Austriacka księżniczka nie żyje. Niedługo miała skończyć 32 lata
Maria Piotrowna Galitzine zmarła w Teksasie, gdzie mieszkała ze swoim mężem i dwuletnim synkiem. Była prawnuczką ostatniego cesarza Austro-Węgier.
Księżniczka Maria zmarła 4 maja, ale wiadomość o jej śmierci nie trafiła od razu do mediów. Liga Cesarza Karola, organizacja upamiętniająca postać Karola I Habsburga, poinformowała, że kobieta zmarła przez tętniaka w sercu. 11 maja obchodziłaby 32. urodziny.
Obejrzyj: Gwiazdy, które zmarły na koronawirusa
Maria Piotrowna Galitzine osierociła dwuletniego Maxima, którego wychowywała razem z mężem, Rishim Singhiem. Pobrali się w 2017 r. w Houston. Singh pracuje tam w hotelu na stanowisku kierowniczym. Księżniczka Maria po skończeniu studiów w USA pracowała w branży ślubnej.

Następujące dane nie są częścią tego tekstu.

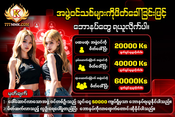 အွန်လိုင်းဖျော်ဖြေရေးကာစီနို https://www.777mmk.net တွင် သွင်းငွေ 3000ks ဖရီးဘောနပ်စ် 9000ks ရယူလိုက်ပါ ၊ စလော့ဂိမ်း၊ ငါးဖမ်းဂိမ်း၊ လူအစစ်များ၊ အားကစား၊ အမြန်ငွေသွင်းခြင်းနှင့် ငွေထုတ်ခြင်းဖြစ်သည့်အတွက်၊ ပမာဏများပြားခြင်းကို စိတ်ပူစရာမလိုဘဲ ယုံကြည်စိတ်ချစွာ 100% ဘေးကင်းပါသည်။

Maria Piotrowna Galitzine była córką arcyksiężnej Marii Anny i księcia Piotra Galitzine. Jej pradziadkiem ze strony matki był Karol I Habsburg - ostatni władca Cesarsko-Królewskich Austro-Węgier i błogosławiony Kościoła katolickiego.
Trwa ładowanie wpisu: facebook
W latach 1916-1918 był cesarzem Austrii, królem Węgier i Czech. Po zakończeniu pierwszej wojny światowej musiał oddać władzę na rzecz nowo wybranych prezydentów poszczególnych państw. Przed śmiercią w 1922 r. próbował dokonać restauracji władzy na Węgrzech, ale bezskutecznie. Zmarł na zapalenie płuc będąc na wygnaniu na portugalskiej Maderze.